(Beginning of Listed entries)

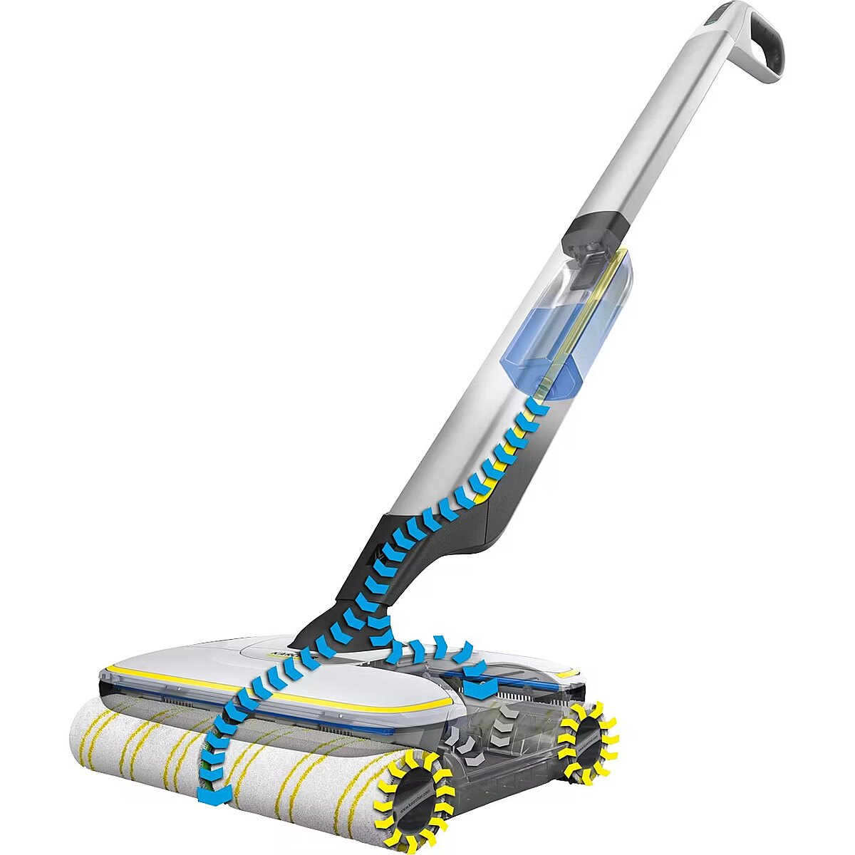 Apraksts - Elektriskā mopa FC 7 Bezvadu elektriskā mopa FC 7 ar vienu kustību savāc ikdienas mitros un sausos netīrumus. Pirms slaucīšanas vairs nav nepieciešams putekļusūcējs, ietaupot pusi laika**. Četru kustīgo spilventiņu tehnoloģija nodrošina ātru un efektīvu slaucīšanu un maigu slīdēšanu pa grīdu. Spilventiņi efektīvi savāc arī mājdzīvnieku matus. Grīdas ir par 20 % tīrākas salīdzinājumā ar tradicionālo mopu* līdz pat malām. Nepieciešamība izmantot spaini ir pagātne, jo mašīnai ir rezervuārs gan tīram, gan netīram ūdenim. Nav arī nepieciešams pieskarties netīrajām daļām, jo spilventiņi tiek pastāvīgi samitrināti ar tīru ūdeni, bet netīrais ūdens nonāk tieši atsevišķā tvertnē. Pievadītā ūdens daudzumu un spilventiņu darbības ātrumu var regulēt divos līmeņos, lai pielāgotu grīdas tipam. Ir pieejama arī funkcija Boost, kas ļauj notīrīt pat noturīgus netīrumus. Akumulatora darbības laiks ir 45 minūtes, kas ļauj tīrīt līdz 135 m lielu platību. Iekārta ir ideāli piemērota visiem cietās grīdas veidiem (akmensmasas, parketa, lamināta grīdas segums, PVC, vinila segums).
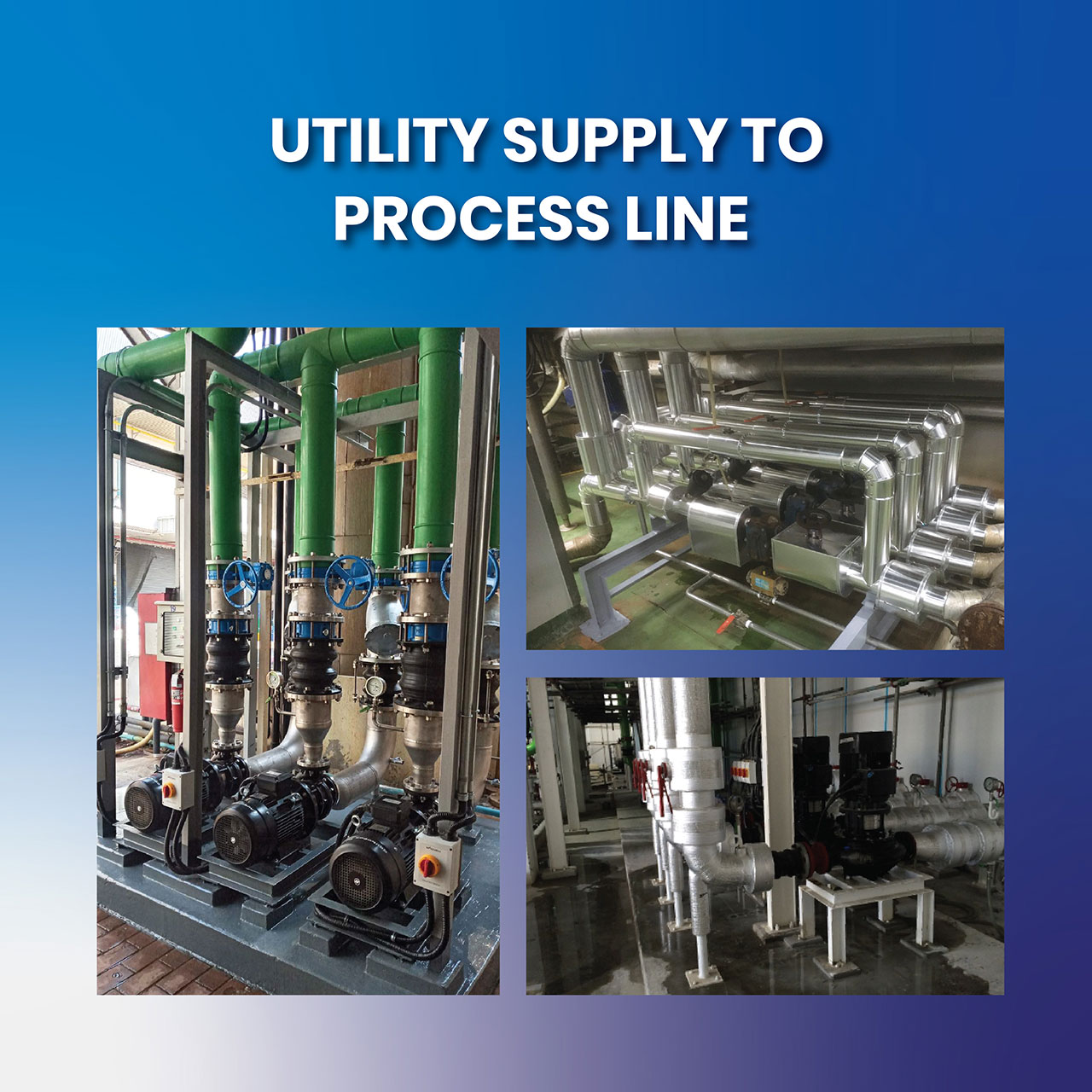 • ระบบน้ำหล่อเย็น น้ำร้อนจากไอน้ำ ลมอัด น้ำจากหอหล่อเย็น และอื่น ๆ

(End of Listed entries)
(Beginning of Listed entries)

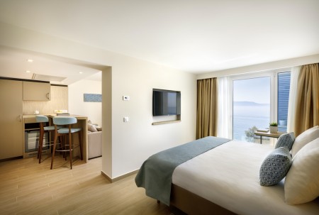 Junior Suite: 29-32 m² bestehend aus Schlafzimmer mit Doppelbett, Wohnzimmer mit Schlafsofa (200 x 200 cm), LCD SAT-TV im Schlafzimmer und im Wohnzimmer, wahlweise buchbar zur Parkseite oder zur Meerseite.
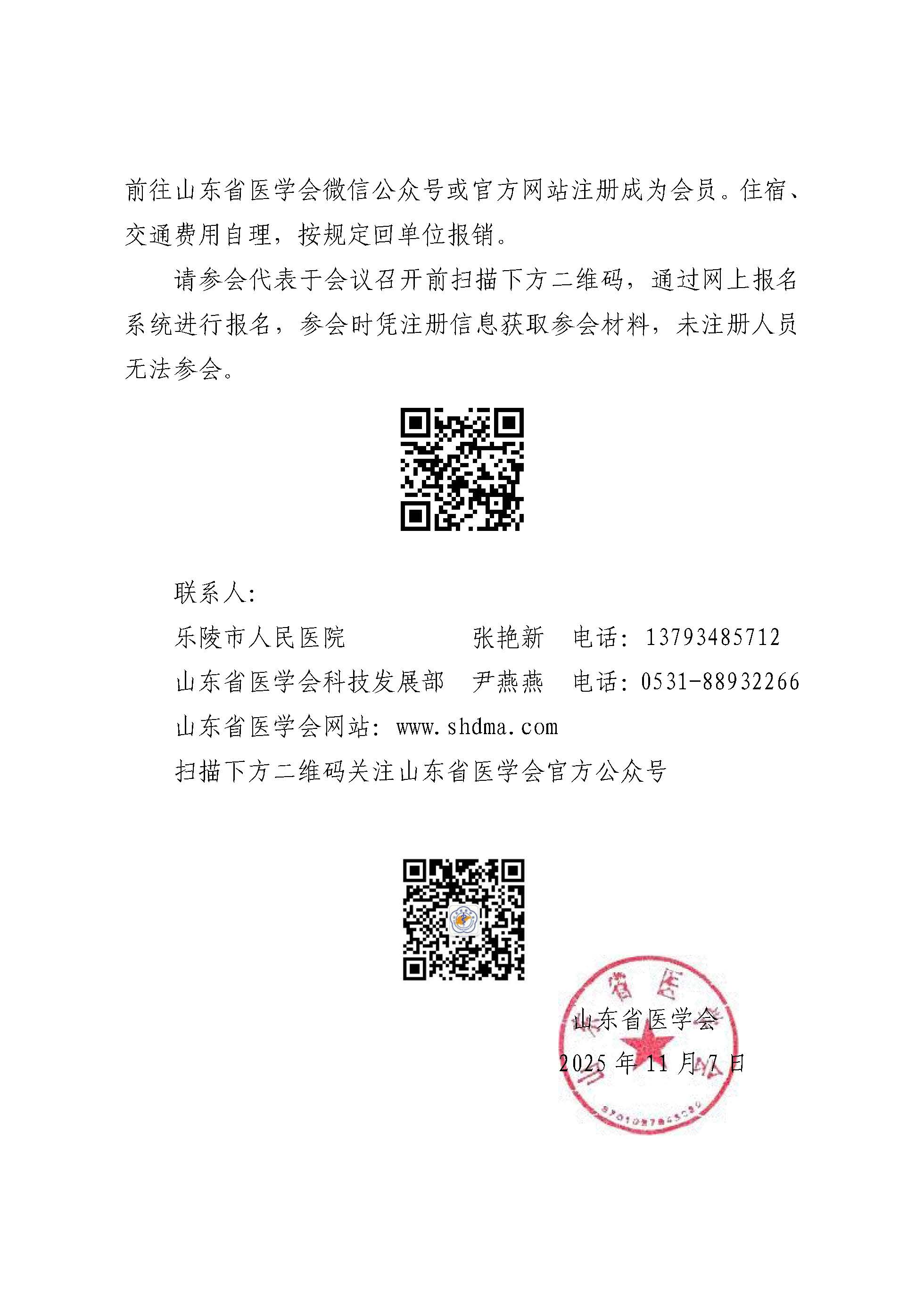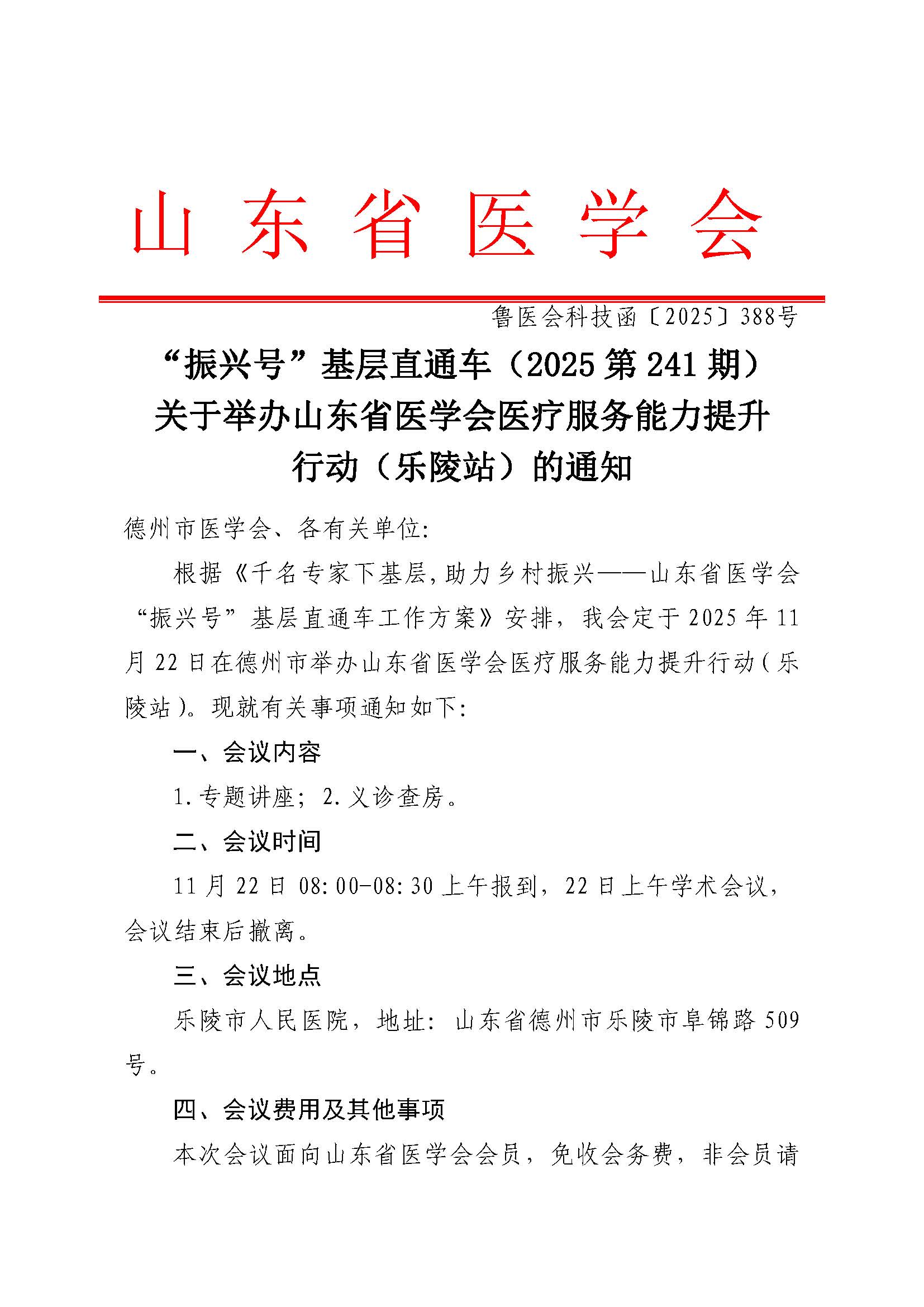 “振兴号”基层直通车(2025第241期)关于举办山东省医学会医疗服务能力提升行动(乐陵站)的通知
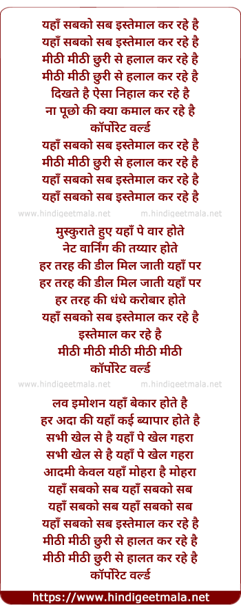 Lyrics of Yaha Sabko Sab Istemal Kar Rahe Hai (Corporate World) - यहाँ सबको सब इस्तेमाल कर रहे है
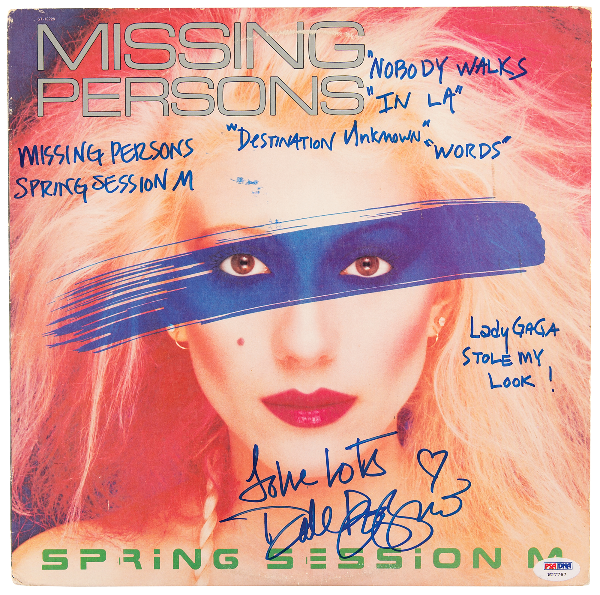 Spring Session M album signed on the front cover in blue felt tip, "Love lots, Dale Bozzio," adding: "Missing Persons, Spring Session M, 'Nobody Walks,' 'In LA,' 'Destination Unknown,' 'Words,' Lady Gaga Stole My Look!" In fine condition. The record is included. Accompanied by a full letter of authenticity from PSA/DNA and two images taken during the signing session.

(End of Listed entries)

Exactly reproduce the lines above, starting at the one that contains "Apraksts - Elektriskā" and ending at the one that contains "น้ำจากหอหล่อเย็น และอื่น ๆ", both inclusive; leave the pictures out and add no other lines.

**Result of this task:**
 Apraksts - Elektriskā mopa FC 7 Bezvadu elektriskā mopa FC 7 ar vienu kustību savāc ikdienas mitros un sausos netīrumus. Pirms slaucīšanas vairs nav nepieciešams putekļusūcējs, ietaupot pusi laika**. Četru kustīgo spilventiņu tehnoloģija nodrošina ātru un efektīvu slaucīšanu un maigu slīdēšanu pa grīdu. Spilventiņi efektīvi savāc arī mājdzīvnieku matus. Grīdas ir par 20 % tīrākas salīdzinājumā ar tradicionālo mopu* līdz pat malām. Nepieciešamība izmantot spaini ir pagātne, jo mašīnai ir rezervuārs gan tīram, gan netīram ūdenim. Nav arī nepieciešams pieskarties netīrajām daļām, jo spilventiņi tiek pastāvīgi samitrināti ar tīru ūdeni, bet netīrais ūdens nonāk tieši atsevišķā tvertnē. Pievadītā ūdens daudzumu un spilventiņu darbības ātrumu var regulēt divos līmeņos, lai pielāgotu grīdas tipam. Ir pieejama arī funkcija Boost, kas ļauj notīrīt pat noturīgus netīrumus. Akumulatora darbības laiks ir 45 minūtes, kas ļauj tīrīt līdz 135 m lielu platību. Iekārta ir ideāli piemērota visiem cietās grīdas veidiem (akmensmasas, parketa, lamināta grīdas segums, PVC, vinila segums).
 • ระบบน้ำหล่อเย็น น้ำร้อนจากไอน้ำ ลมอัด น้ำจากหอหล่อเย็น และอื่น ๆ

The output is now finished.